Descartes decidió no implicarse mucho en la gran comedia del mundo y pasar como
observador analítico de la sociedad y la historia. Calderón de la Barca escribió el auto
sacramental titulado “El gran teatro del mundo” donde los personajes deben representar
bien los papeles asignados por Dios, nada nuevo ha de haber bajo el sol. María Zambrano
vivió un largo exilio, mas no fue un exilio sedentario, sino un constante ir y venir sin
asiento definitivo. Cuando revisamos la biografía de María Zambrano asistimos
efectivamente a un exilio que tiene la apariencia de una fuga o una persecución, un
cambio constante y frecuente de residencias. Si consideramos esta concretísima
circunstancia biográfica y la comparamos con otras biografías filosóficas, podemos ver
el efecto que tiene el nomadismo en las filosofías. Hegel y Kant, comparados con
Schopenhauer o Nietzsche, son ejemplos paradigmáticos sobre cómo se configura la
filosofía en función de la realidad biográfica.
María Zambrano como persona hubo de responder al enigma de la vida a partir de la
integración de sus vivencias.
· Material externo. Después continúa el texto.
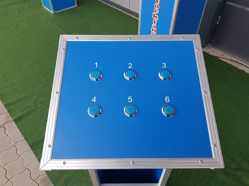 Der Betreuer kann über sein Steuerpult den Fall der Stöcke in einer beliebigen Reihenfolge auslösen.
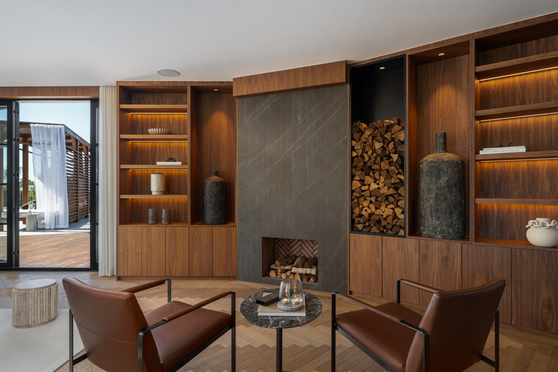 Elementos prácticos como un lavadero independiente, almacenamiento de vino integrado, carpintería a medida e iluminación en capas se integran discretamente en toda la vivienda.
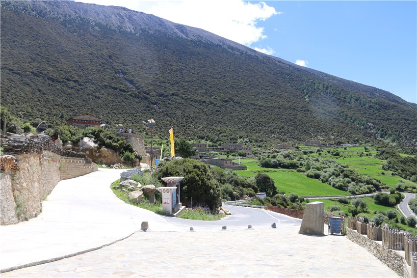 從觀景平臺向村子進(jìn)發(fā),一棟棟用石塊砌成的藏房次第映入眼簾,每一棟藏房都有獨(dú)立的院落,院墻上是堆放整齊的木柴,墻邊是造型別致的花臺,有的房頂上還掛著五星紅旗。走到村口,黑化通村路變成了硬化聯(lián)戶路,道路寬敞整潔,路旁有太陽能路燈、電子監(jiān)控、綠化花草和公共廁所;村中央的廣場上聚滿了人,他們有的是外來游客、有的是當(dāng)?shù)卮迕?,有的在曬著太陽閑聊,有的在對著美景拍照。在村里,記者還發(fā)現(xiàn)有幾個(gè)小賣部、不少私家車和好幾大片長勢良好的菜地,地里有一些人在勞作。
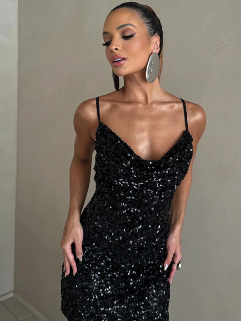 Confeccionado em paetê de alta qualidade, o vestido destaca-se pelo brilho incrível e pelo caimento impecável, que valoriza cada curva do corpo feminino. Ele foi feito para transformar qualquer momento em uma experiência inesquecível, com um toque de elegância e sensualidade que exala confiança.

Cuarenta y cinco años de exilio, entre penurias económicas
y humanas, sin llegar a echar raíces en parte alguna llegan a poder integrarse en una
concepción de la vida en la que sueño y vigilia se intercambian los papeles para
despertarse y renacer constantemente, como cuando cambiamos de residencia sin asiento
duradero: todo se nos aparece como un sueño, como de dónde venimos y a dónde vamos.
Hay que soñar para vivir. Un soñar que despierte algún día de esta sucesión de escenas e
imágenes que se deslizan en el tiempo del anhelar. Salir y exiliarse, luchar por un régimen
republicano y al final regresar a una monarquía parlamentaria, no es regresar al lugar de
origen.
María Zambrano aunque regresó a España, se quedó en el exilio, despierta. Frente a una
España que duerme y que sueña ser una democracia, María Zambrano prefirió seguir
siendo exiliada en el seno de una monarquía parlamentaria…Nunca regresó a la república,
nunca regresó del exilio. No quisiera María Zambrano ser adorada o idolatrada,
convertida en personaje. Quisiera más bien, como su filosofía, llamarnos a la vida
despierta, teniendo en cuenta aquel fragmento de Heráclito:
“Pero a los demás hombres les pasa inadvertido cuanto hacen despiertos, igual que se
olvidan de cuanto hacen dormidos”.
O más próximo en el tiempo y en el espíritu de la razón poética:
“Y ya no me cantes cigarra,
ya para tu sonsonete
que llevo una pena en el alma
como un puñal se me mete
sabiendo que cuando canto
suspirando va mi suerte
bajo la sombra de un árbol
al compás de mi guitarra
canto alegre este huapango
porque la vida se acaba
y no quiero morir soñando
ay como muere la cigarra”.
José Monge Cruz (Camarón de la Isla).